Following that, Ream Eyso et Moni Mekhala, a slice of classical Khmer theatre about the battle between a giant and a water goddess told through dance, will be performed Friday, also at 7pm at Chenla Theatre.

Vanished producers hope to spur a resurgence in local filmmaking

The teenagers packed into the cinema at Sorya on a weekday afternoon are so loud and excitable I think maybe they’ve had too much Coca-Cola.

As the tension rises just a few minutes into the film and the first shocking moment is revealed, audience members jump out of their seats and scream their collective heads off.

The film that has everybody queuing up to be frightened is Vanished, a modern-day thriller set in Phnom Penh.

British producer Matthew Robinson and his team at Khmer Mekong Films (KMF) have raised the bar for local film productions with this new effort, producing a stylish, contemporary film that keeps the audience guessing right to the end.
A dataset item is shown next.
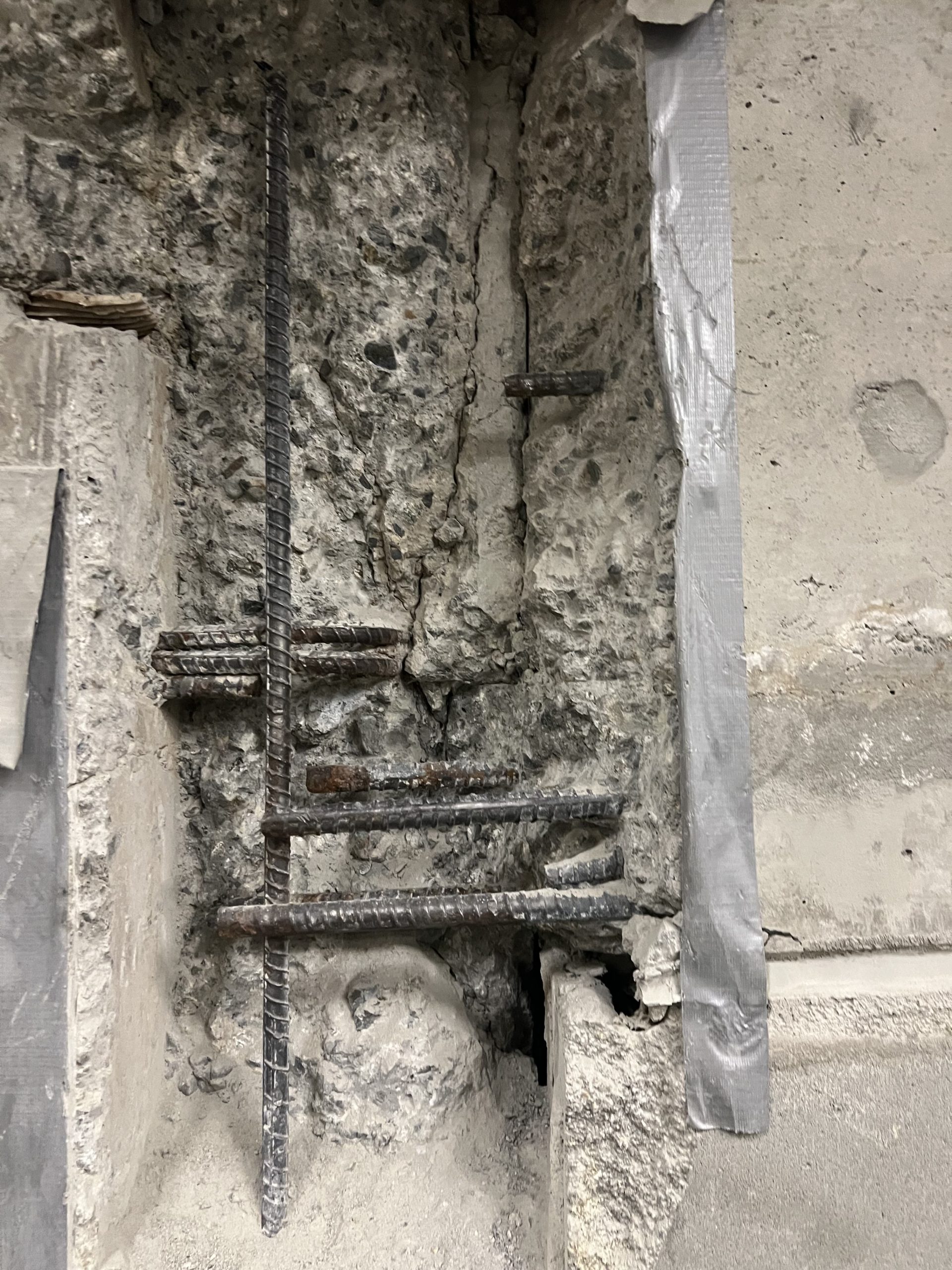 The process began with exposing and preparing the damaged areas, including removal of loose material and cleaning of cracks to ensure proper bonding. Steel reinforcement was inspected where exposed, and deteriorated sections were stabilized prior to repair. Cracks were then sealed and injected using specialized repair materials designed to penetrate deep into the concrete, restoring strength and preventing future water intrusion.

Not for KMF the familiar regional style of filmmaking, with its over-the-top use of video effects and hard-to-follow supernatural storylines; Robinson’s aim in creating Vanished was to “present Cambodia in a modern light; to make a contemporary film about Cambodians and wrap it up in a thriller”.

KMF has been building a solid team of local talent for the past six years since Robinson relocated to Phnom Penh to work on the BBC series Taste of Life.

Teaming experienced UK cinematographer Bill Broomfield with local director Tom Som on Vanished helped to blend local knowledge with international expertise.

The film is based on three young Cambodian women working at a hip radio station, Heart FM.
When two of the women mysteriously disappear, radio presenter Maly realises her life is in danger.

She joins forces with her co-workers and the local police detective to find out what happened to them, all the while being hunted by the mystery abductor.

Actress Savay Sakana plays the sweet, fragile lead character Maly with charm and grace.

Other standout performances include Nop Sophorn as her sassy best friend Chantha, and Cambodian TV star Pov Kisan as world-weary Detective Heng.

Vanished uses classic, Hitchcock-inspired thriller twists and turns to keep viewers on the edges of their seats.

Watching the film with a Cambodian audience is an entertaining delight, as they don’t hold back with their reactions.
“It’s been thrilling,” agrees Robinson. “They’re jumping at all the right moments.”

Writer Matt Baylis has come up with a well-crafted story - with input from KMF’s Cambodian writers - that is both universal and uniquely Cambodian.

The film touches on themes of independence, as the girls are trying to live independent lives and make their own way in the world.

It shows them challenging social hierarchies at work, standing up to their boss and to society’s narrow vision of how young women should behave.
Vanished also focuses on a central theme of who can be trusted - weaving a pervasive culture of suspicion.

“It’s old versus new, traditional versus modern thinking”, says Robinson.

“We’re trying to give a platform for young Cambodians to see that they can have an independent life.”
KMF has high hopes for the film, which cost “more than double” the typical US$20,000 budget for locally produced features.

If audiences keep coming back for more after producing high, first-week attendance figures, KMF looks set to recover much of that investment - so long as the pirates can be kept at bay.

If a DVD copy of the film hits the streets, the filmmakers know it’s all over.

“Once it’s out, it’s out,” says Robinson.
“If someone goes and pinches the DVD, then it’s got no value. It is literally theft.”

To prevent this sad, seemingly inevitable turn of events, a KMF staff member has to carry the screening copy by hand into the cinema each day - as well as supervise the projection to ensure that it is kept away from rapacious pirates.

The filmmakers hope to screen the film at international festivals and use its momentum to propel KMF into bigger and better projects.

The film screens with well-authored English subtitles and isn’t just aimed at locals - it also serves as a fantastic introduction to local culture for foreigners keen to sample Cambodian cinema. More, please!

Vanished is currently screening at the cinema on the fifth floor of Sorya mall in Phnom Penh.
It opens at the Baray Ondet Cinema in Siem Reap this Friday.